For Izabella, my sweet

For Izabella, my sweet

When I was 10, I wanted to be the biggest rock star the world had ever seen.  At the time, I had great determination to see it through.  But, you know….life happened.  I grew older and got busy with the whole “life thing”.  I became a wife, and more importantly, I became a mother.  My determination turned towards being a source of inspiration to my children.  It was their future that became more important to me than anything else.  Yesterday, I received a sweet reminder from my youngest daughter, Izabella, that I needed to keep working toward my dreams.

Izabella is 10.  She has a vast imagination with dreams to do so many great things.  She is a creator.  She is an artist.  She has dreams to be a scientist, an entrepreneur, an animator, and a writer.  Her latest creations are hand-painted carved foam desserts that I now use as a focal point to prepare for the birth of my own dreams.  I am constantly witnessing her mind at work and the little girl within me becomes inspired once again.  Yesterday, my a-ha moment was ever so clear;  I, the parent, am inspired by her.  She reminds me of the importance of continuing to create and work harder to reach my dreams.

So….I am back at work hashing out recipes for my book.  It is a slow process but will be interesting, frustrating, and fun!  Here is a small taste of what is to come…

 

IMG_2112     Buckwheat Pancake and Cinnamon Fried Egg Stack with Bourbon Maple Syrup

     “The Sundays without our Furr’s visits were the Sundays that fell opposite payday.  Weekend breakfast at home was one of my favorite memories.  Although we seldom sat together at the dining room table because half of us were either sleeping in or not speaking to one another, neither of which stopped my dad from making breakfast.

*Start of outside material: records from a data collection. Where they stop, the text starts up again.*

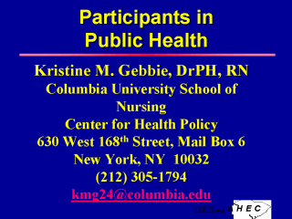 Kristine Gebbie joined the faculty of Columbia University School of Nursing in 1995, and is the Director of the Center for Health Policy. Her teaching and research are in health policy and health systems, with particular attention to population-focused prevention and public health systems. She currently has research funding from both the Health Resources and Services Administration and the Centers for Disease Control and Prevention. Prior to coming to New York, Dr. Gebbie served as the nation’s first National AIDS Policy Coordinator, a White House position created by President Clinton to coordinate national efforts in HIV/AIDS prevention, treatment and research. Prior to that she was Secretary of Health for Washington State and head of public health in Oregon. Dr. Gebbie’s earlier career was in academic health centers, as faculty member at UCLA School of Nursing and as faculty member and hospital administrator at St. Louis University School of Nursing and St. Louis University Hospitals. She has served on national committees advisory to the Secretary of the US Department of Energy as well as the Director of the Centers for Disease Control and Prevention. Dr. Gebbie is an elected member of the Institute of Medicine, the American Academy of Nursing,and the New York Academy of Medicine. She is also an active participant in a wide variety of national and international professional organizations. Dr. Gebbie’s extensive list of publications includes topics such as community mental health, mental health consultation, public health nursing, public health infrastructure, health policy and HIV/AIDS. In addition to many peer-reviewed journal publications, she has authored or co-authored several texts and book chapters and editorials. She writes a regular health policy column for the journal AIDS Reader, and serves on the editorial boards of the American Journal of Nursing, Journal of Public Health Policy and Journal of Public Health Management and Practice. |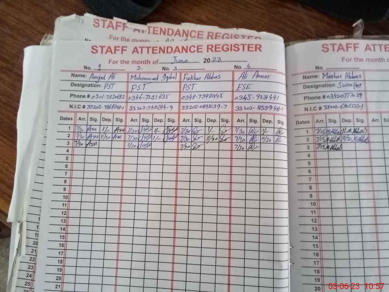 | CNIC | Full Name | Designation | R/C | Absence during last cal. month |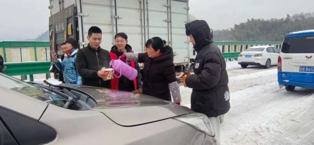 付小琼来回跑了四趟,一直忙到4日下午2点多。她记得,有一位来自湖北的司机,带着老婆孩子一起跑车,一家人已经15个小时没有进食 ,她赶忙递上一个热水瓶和两桶方便面。40多岁的司机流下眼泪,拿出手机,要为付小琼拍摄一段视频,想发在网上表达感激之情。付小琼摆摆手走开了,她说,“在我们老区,这都是很正常的”。

He had quite the talent for cooking.  He had taken a second job as a cook at a small café outside of town called Nona’s.  It was right off the interstate and easy for truckers to stop in for a hot cup of coffee and my dad’s delicious pancakes.  There is something about walking into a dive café that triggers my hunger.  A combination of café sounds and sights; the clanking of off-white colored cafe dishes, diners’ conversations and plumes of smoke from their cigarettes, the smells of maple syrup and coffee lingering in the air and that token waitress with an awesome beehive hairdo.  Nona’s had it all.   Those café sounds and smells became a solid reason as to why I enjoyed breakfast so much.

My dad often took on those familiar smells of coffee, fried eggs, syrup, pepper, cigarette smoke but with the addition of Budweiser.  I could smell him from the hallway as I walked into the kitchen yawning, sleepy-eyed with uncombed hair.  There he stood making pancakes.  There was definitely an art to making those yummy fluffy slabs of warmth.  He would slowly pour a stream of batter into a black skillet that was the perfect temperature.  I would stand on my tip-toes to peek into the pan and watch bubbles pop up to the surface of the batter.  Once he flipped the pancake to the other side, it began to take on a beautiful caramel color and an aroma sent from heaven.   In a smaller fry pan on the burner next to the skillet, were two eggs frying to over medium.  He would place a pancake onto his plate, then a fried egg, then another pancake, followed by the second egg on top of the stack.  After drizzling maple syrup over the top, he would then cut into the stack as if it were one of Nona’s pies.  The yolk would ooze out and mix in with the syrup; the bright rich color of yellow marbleizing with the sweet maple shade of bourbon.  Watching those two slowly collide gave warmth over my body as though I were a cat sitting in the morning sunlight.  Looking back, I find it interesting that I understood and appreciated all of these elements at such a young age.  After all, it was a beautiful thing to see.  It was culinary genius.”